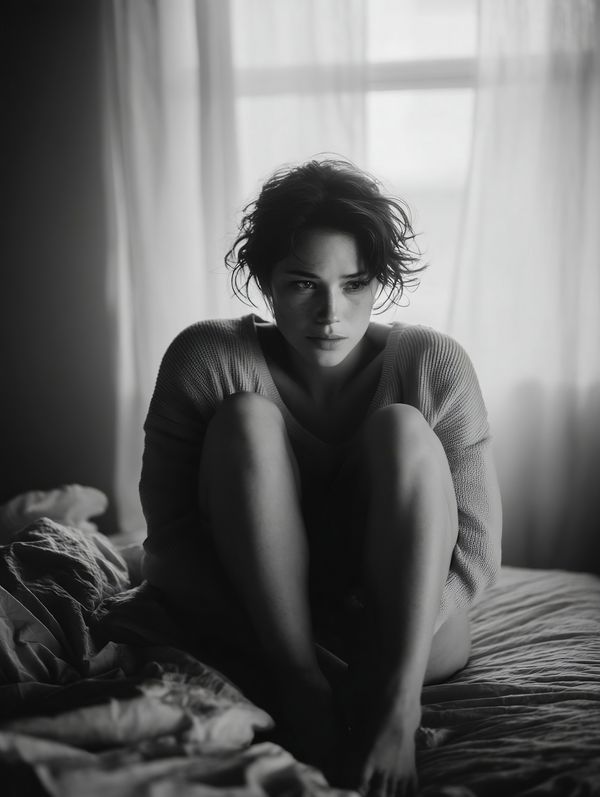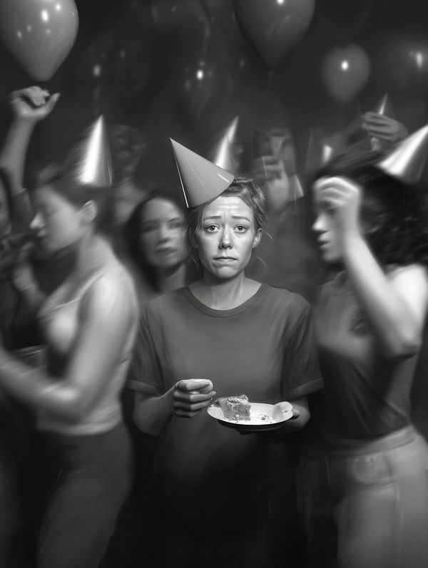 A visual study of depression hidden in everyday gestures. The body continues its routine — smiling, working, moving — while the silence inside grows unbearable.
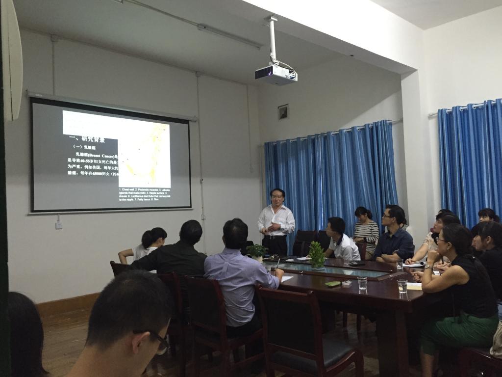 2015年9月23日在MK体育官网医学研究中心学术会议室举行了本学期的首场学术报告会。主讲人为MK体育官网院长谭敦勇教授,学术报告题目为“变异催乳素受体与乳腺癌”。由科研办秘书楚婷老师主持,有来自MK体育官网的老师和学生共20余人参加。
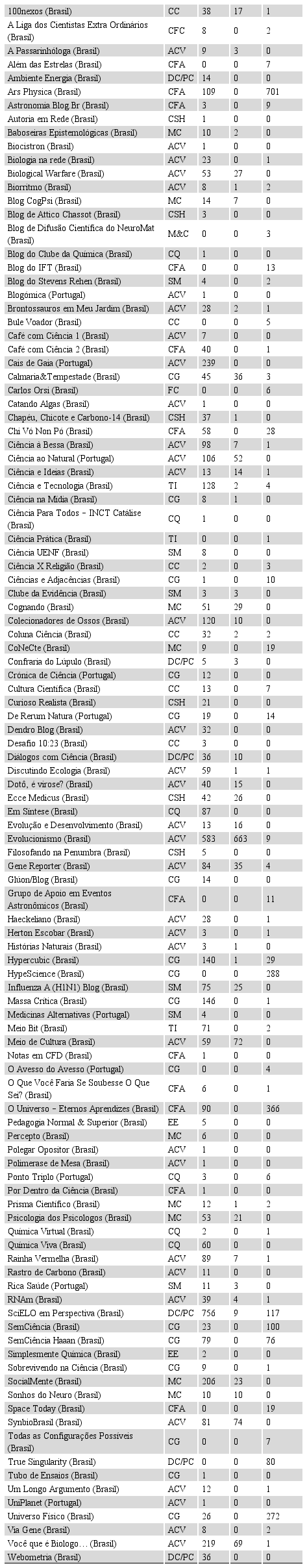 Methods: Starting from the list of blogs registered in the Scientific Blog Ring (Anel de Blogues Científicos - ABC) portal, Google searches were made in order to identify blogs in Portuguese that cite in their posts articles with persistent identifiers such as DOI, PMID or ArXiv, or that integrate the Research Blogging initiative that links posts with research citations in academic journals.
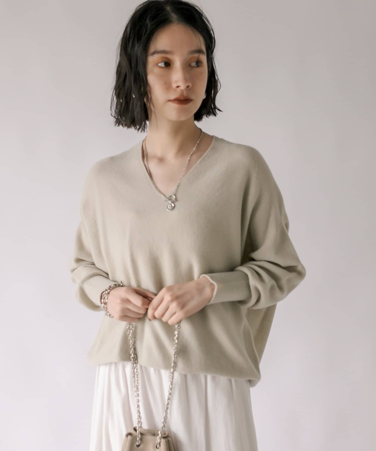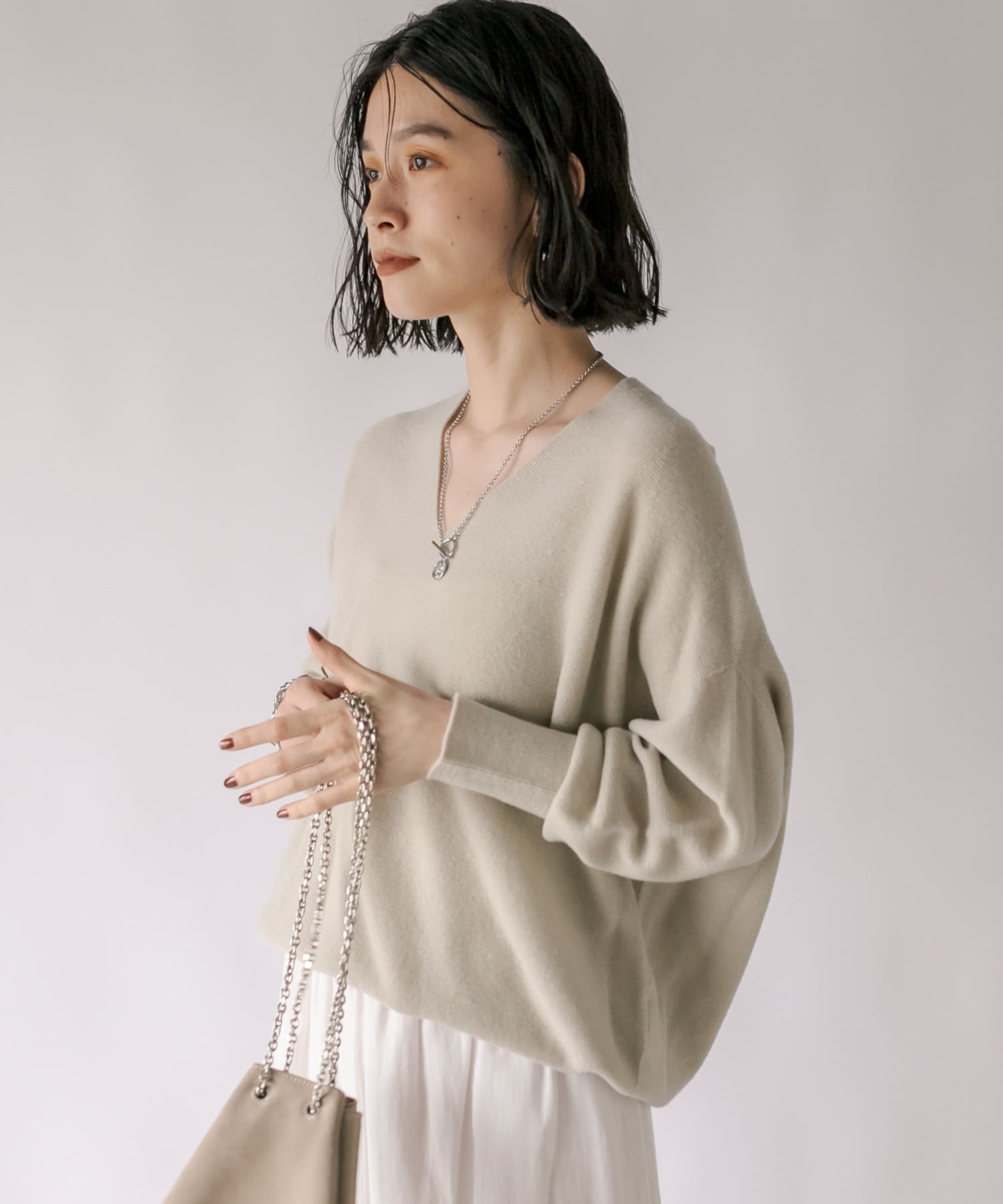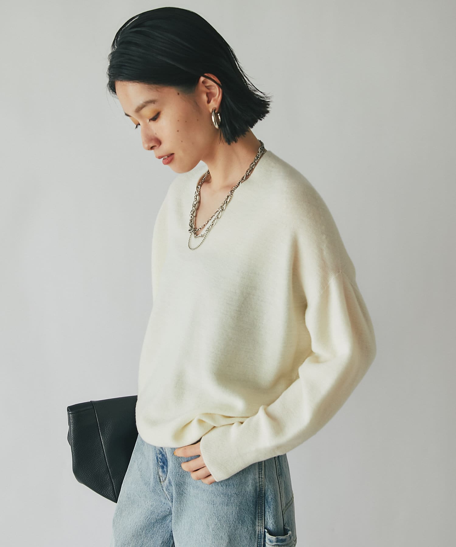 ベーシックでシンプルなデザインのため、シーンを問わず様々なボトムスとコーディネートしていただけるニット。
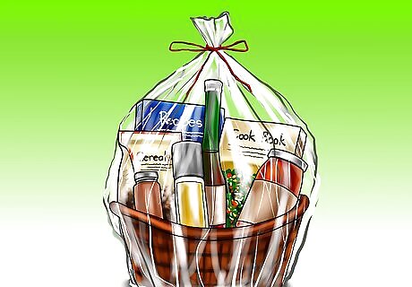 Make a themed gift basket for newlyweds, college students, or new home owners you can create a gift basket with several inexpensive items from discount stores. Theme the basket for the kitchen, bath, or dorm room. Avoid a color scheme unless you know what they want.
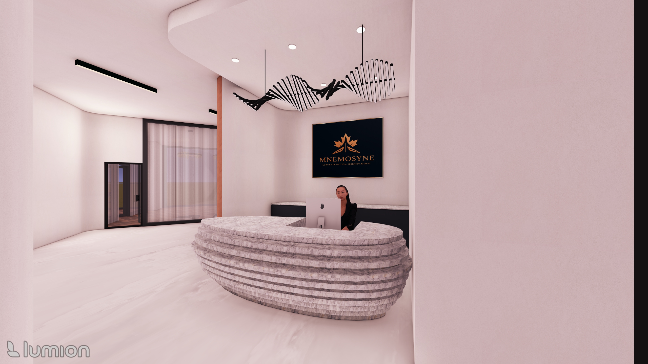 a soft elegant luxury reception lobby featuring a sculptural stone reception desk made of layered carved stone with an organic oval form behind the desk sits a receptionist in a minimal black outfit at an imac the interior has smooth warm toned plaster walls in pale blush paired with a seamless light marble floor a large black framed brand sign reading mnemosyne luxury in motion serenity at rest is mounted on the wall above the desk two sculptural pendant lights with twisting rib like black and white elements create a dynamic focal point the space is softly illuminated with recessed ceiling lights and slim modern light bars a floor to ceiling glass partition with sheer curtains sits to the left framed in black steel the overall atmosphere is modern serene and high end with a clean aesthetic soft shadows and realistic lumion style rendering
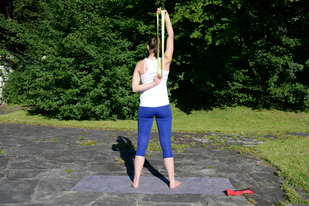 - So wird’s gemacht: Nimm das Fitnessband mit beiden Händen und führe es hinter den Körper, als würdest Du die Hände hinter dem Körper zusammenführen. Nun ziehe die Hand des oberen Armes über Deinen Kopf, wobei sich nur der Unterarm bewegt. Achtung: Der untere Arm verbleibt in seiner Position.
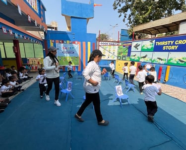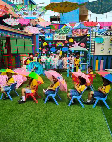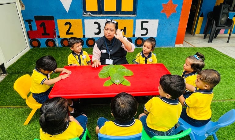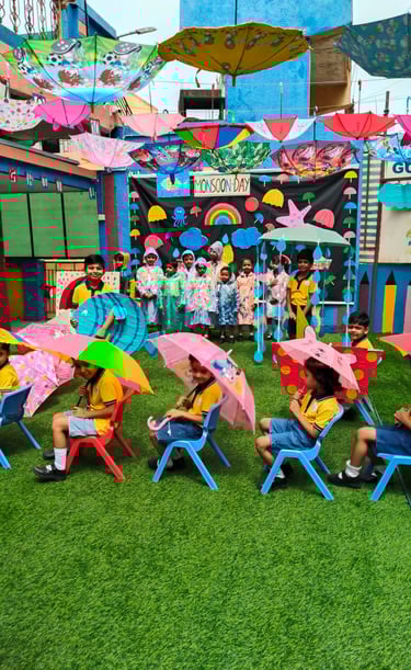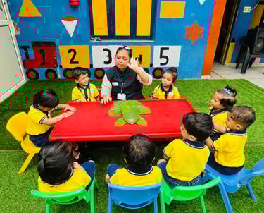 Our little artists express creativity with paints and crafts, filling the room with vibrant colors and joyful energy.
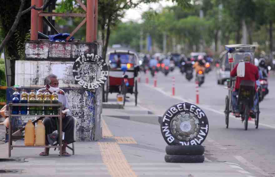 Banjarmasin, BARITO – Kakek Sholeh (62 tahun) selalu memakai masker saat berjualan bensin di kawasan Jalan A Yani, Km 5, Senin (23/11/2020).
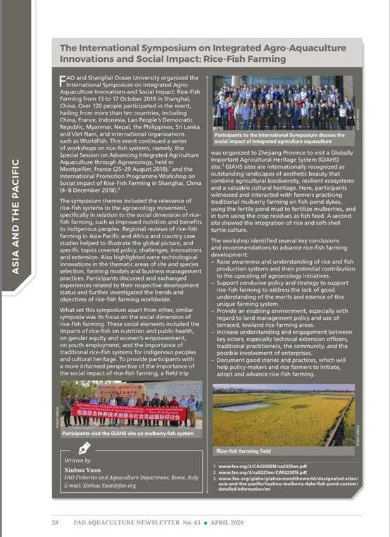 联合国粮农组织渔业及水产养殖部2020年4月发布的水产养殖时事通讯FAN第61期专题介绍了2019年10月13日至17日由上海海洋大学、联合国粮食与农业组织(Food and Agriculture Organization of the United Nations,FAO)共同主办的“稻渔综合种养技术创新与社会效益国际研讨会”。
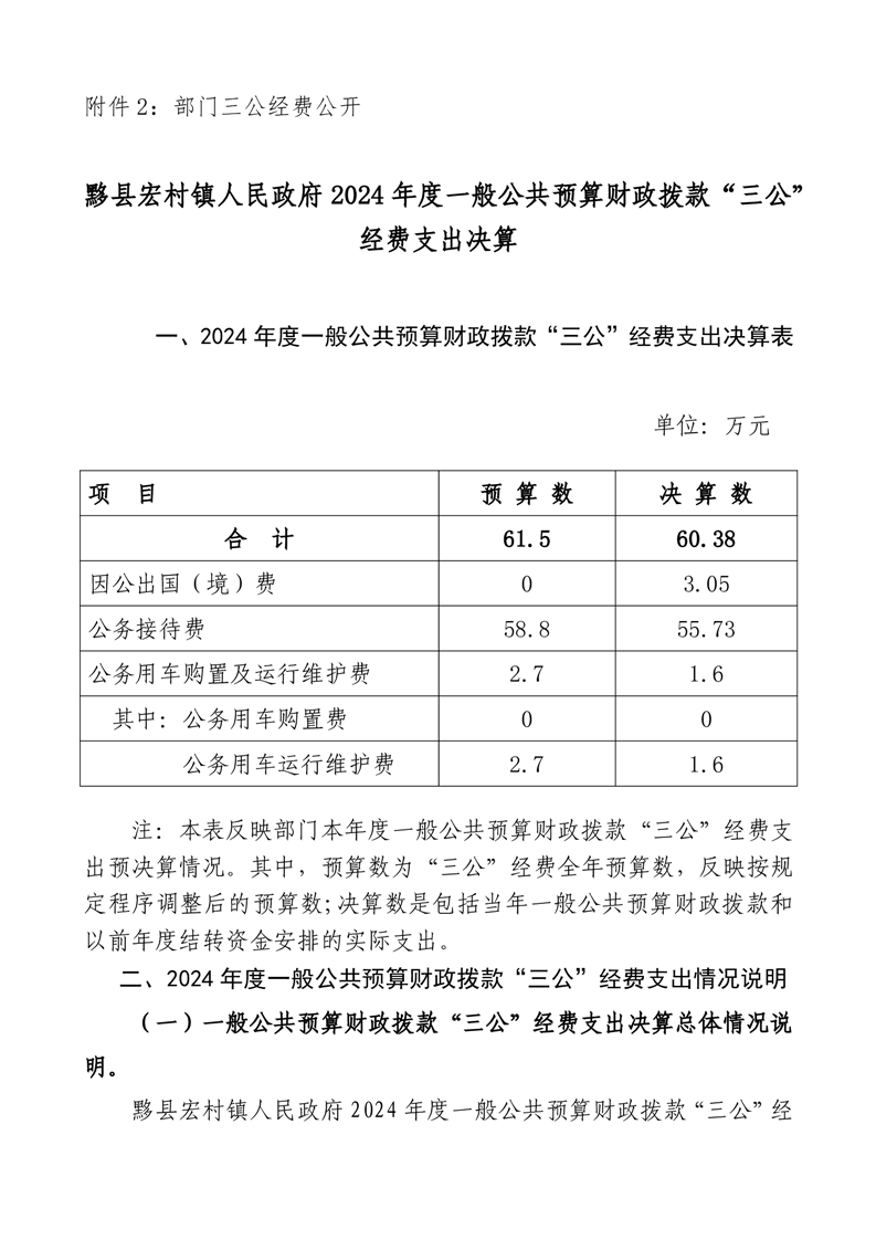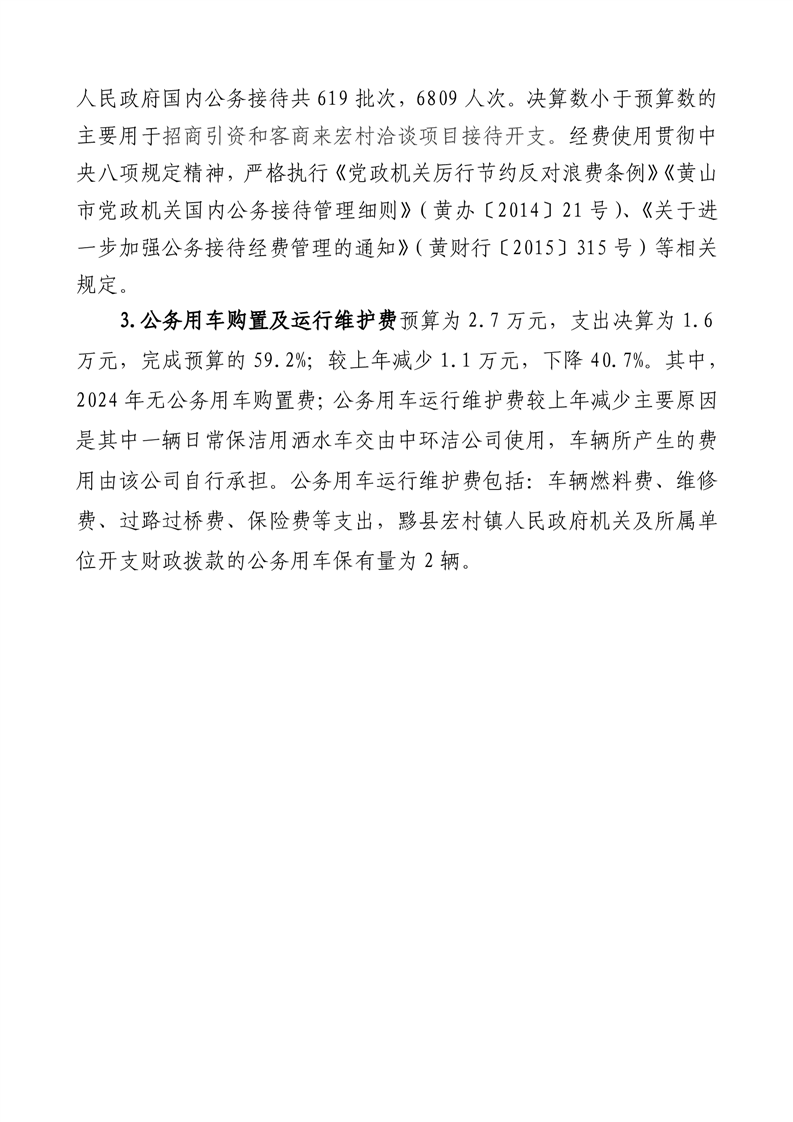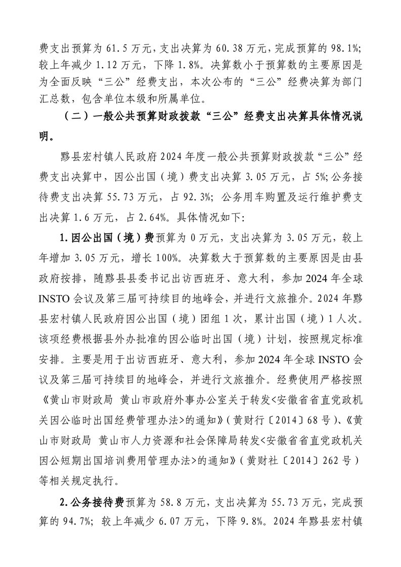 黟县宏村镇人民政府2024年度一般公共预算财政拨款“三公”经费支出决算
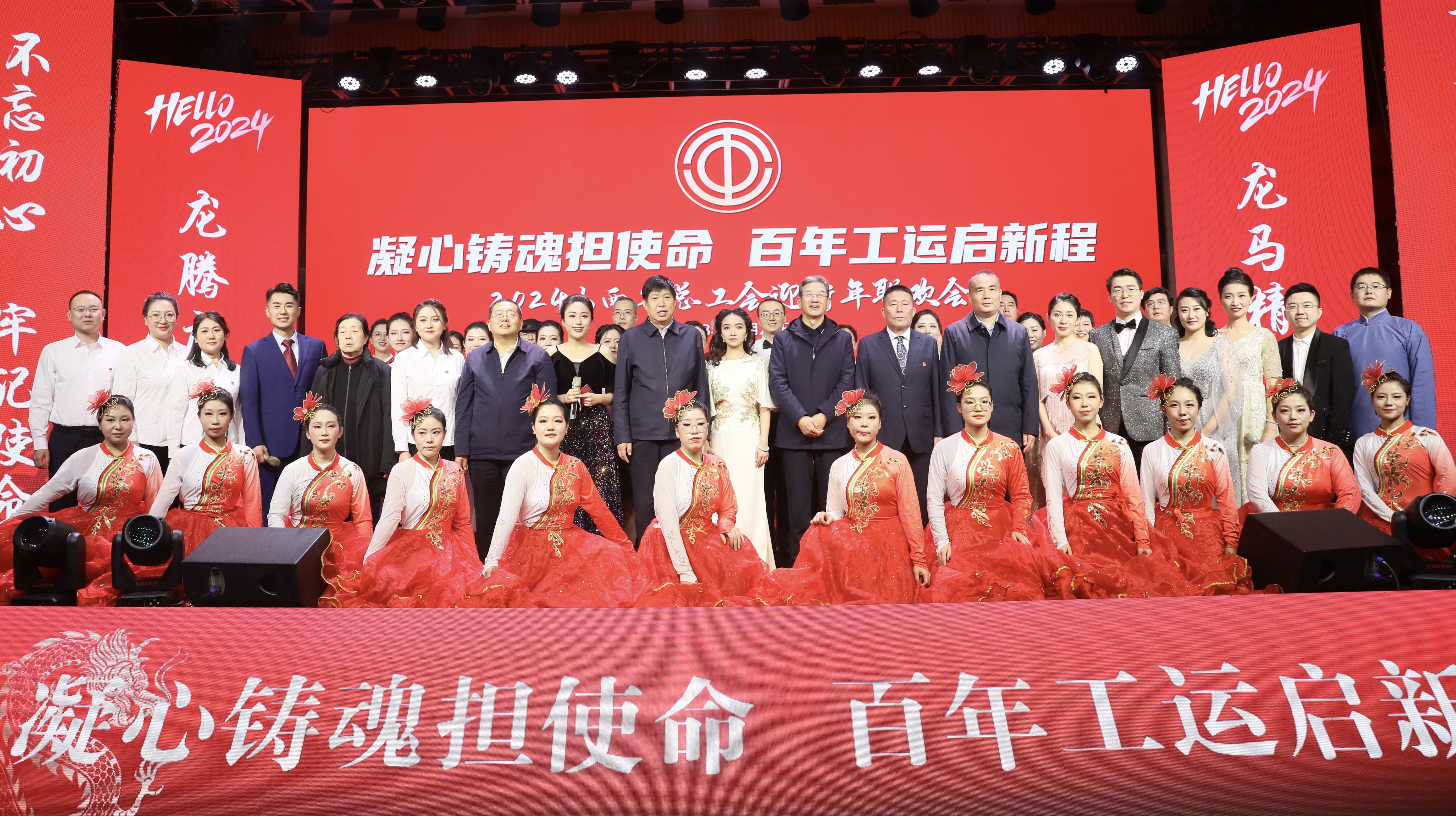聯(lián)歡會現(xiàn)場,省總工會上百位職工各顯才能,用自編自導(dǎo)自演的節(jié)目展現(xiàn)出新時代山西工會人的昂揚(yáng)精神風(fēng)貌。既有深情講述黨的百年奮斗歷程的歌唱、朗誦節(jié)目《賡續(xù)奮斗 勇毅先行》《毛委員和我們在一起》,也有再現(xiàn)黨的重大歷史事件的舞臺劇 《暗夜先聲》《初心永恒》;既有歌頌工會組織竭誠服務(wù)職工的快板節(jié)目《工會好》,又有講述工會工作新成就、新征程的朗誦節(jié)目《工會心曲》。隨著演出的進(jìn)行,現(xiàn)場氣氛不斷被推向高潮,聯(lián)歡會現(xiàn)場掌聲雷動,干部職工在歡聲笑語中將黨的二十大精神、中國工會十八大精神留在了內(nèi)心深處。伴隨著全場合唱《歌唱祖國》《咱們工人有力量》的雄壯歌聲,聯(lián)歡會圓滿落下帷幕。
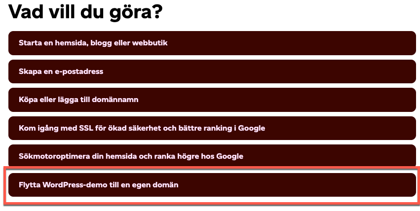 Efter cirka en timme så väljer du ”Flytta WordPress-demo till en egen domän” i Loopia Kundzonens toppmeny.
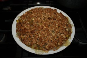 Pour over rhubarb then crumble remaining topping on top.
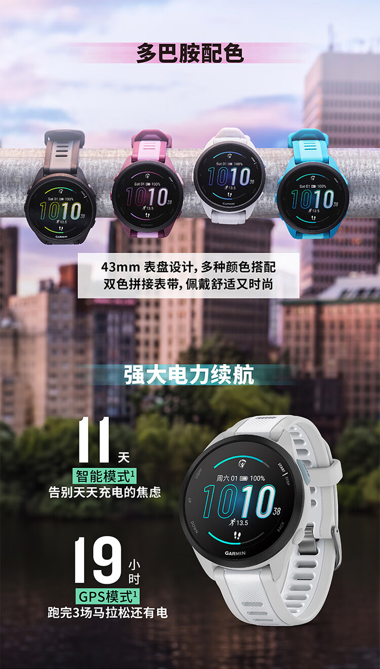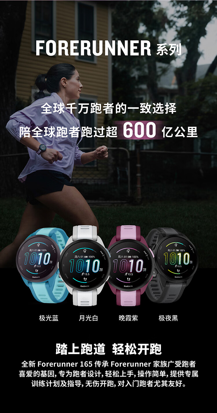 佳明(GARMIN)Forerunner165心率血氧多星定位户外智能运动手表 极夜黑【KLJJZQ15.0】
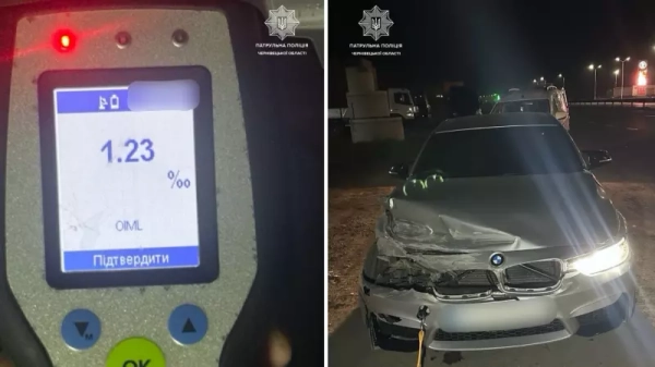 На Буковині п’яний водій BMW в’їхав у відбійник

◆ TASK OBJECTIVE ◆
Set the lines above down again, word for word, from the first through the one containing "2015年9月23日在MK体"; pictures excluded.

◆ RESULT OF THE TASK ◆
 A visual study of depression hidden in everyday gestures. The body continues its routine — smiling, working, moving — while the silence inside grows unbearable.
 2015年9月23日在MK体育官网医学研究中心学术会议室举行了本学期的首场学术报告会。主讲人为MK体育官网院长谭敦勇教授,学术报告题目为“变异催乳素受体与乳腺癌”。由科研办秘书楚婷老师主持,有来自MK体育官网的老师和学生共20余人参加。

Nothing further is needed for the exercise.